Foto da AnadarkoDesde então não houve mais nenhum pronunciamento público sobre este assunto, quer por parte do Governo, quer por parte das empresas envolvidas. O @Verdade procurou obter a posição da empresa Anadarko, cujo presidente do Conselho de Administração, Al Walker, visitou Moçambique em meados de Julho e reuniu-se, em privado, com o Presidente Filipe Nyusi, mas não obteve nenhuma resposta.

Alda Salomão disse ao @Verdade que o Centro Terra Viva tem estado a dialogar com o Ministério da Terra, Meio Ambiente e Desenvolvimento Rural (MITADER) que prometeu tomar todas as medidas necessárias em função das constatações do parecer para que o assunto fosse correctamente resolvido. Contudo, “se isso não acontecer, obviamente que todas as pessoas afectadas e nesta caso todas as pessoas interessadas têm legitimidade para impugnar o DUAT. E aí, sem intervenção do Ministério, sobraria, na minha opinião, uma acção judicial ou eventualmente uma petição parlamentar.”

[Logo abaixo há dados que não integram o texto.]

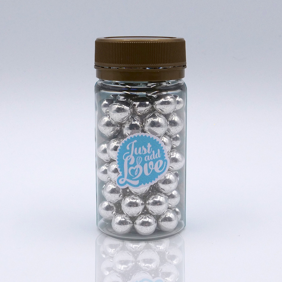 Pérolas de açúcar com aproximadamente 10 mm para decoração de bolos, bolachas, cupcakes, cake pops, donuts, sobremesas e outras preparações.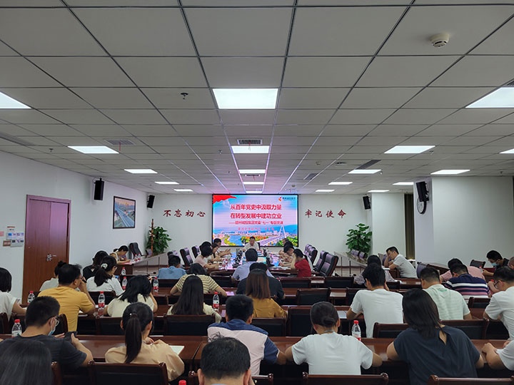 在收听收看庆祝中国共产党成立100周年大会直播盛况后,为学深悟透习近平总书记发表的重要讲话精神,7月1日下午,赣州城投集团党委副书记黄家伟以《从百年党史中汲取力量,在转型发展中建功立业》为题,上了一堂精彩党课。集团机关一支部、建筑设计院公司党支部、天成设计院党支部全体党员、入党积极分子、入党申请人以及集团其他支部的党员代表等共计70余人聆听党课。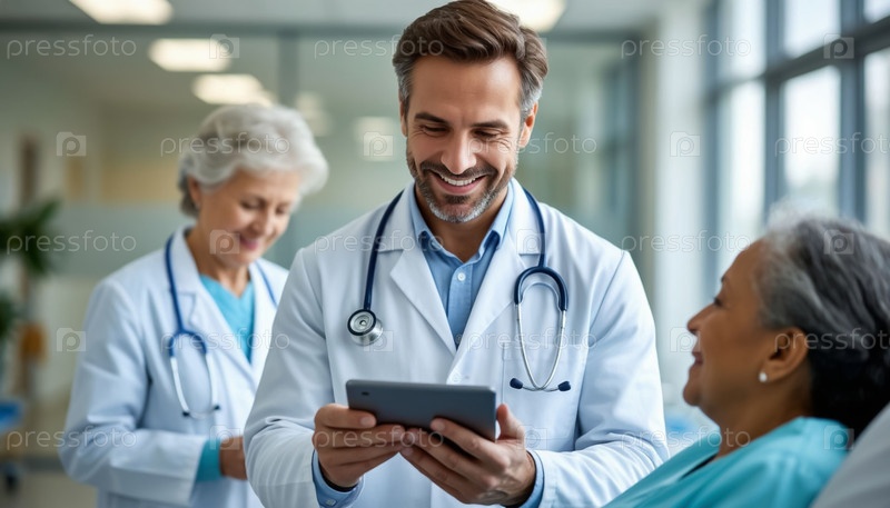 Медицинский работник, использующий планшет для поддержки ухода за пожилыми пациентами

Para a jurista ambiental é “uma desconsideração o Governo levar tanto tempo a tomar uma decisão que está a impedir que as pessoas tenham clareza sobre qual é a sua situação e sobre que planos de vida é que devem fazer” Alda Salomão referiu ainda que nas comunidades que vão ser afectadas directamente pela Fábrica de Liquefacção de Gás Natural a vida parou, “as pessoas deixaram de cuidar dos seus bens, das suas casas, algumas até deixaram de trabalhar nas suas machambas porque vão ser reassentados e não sabem quando, a qualquer momento vão sair. Não é justo deixar as pessoas nesta situação durante tanto tempo. O Governo tem de se pronunciar imediatamente, porque senão nós vamos avançar para outras instâncias, não podemos ficar reféns da lentidão, ou simplesmente pode ser que não queiram fazer nada.”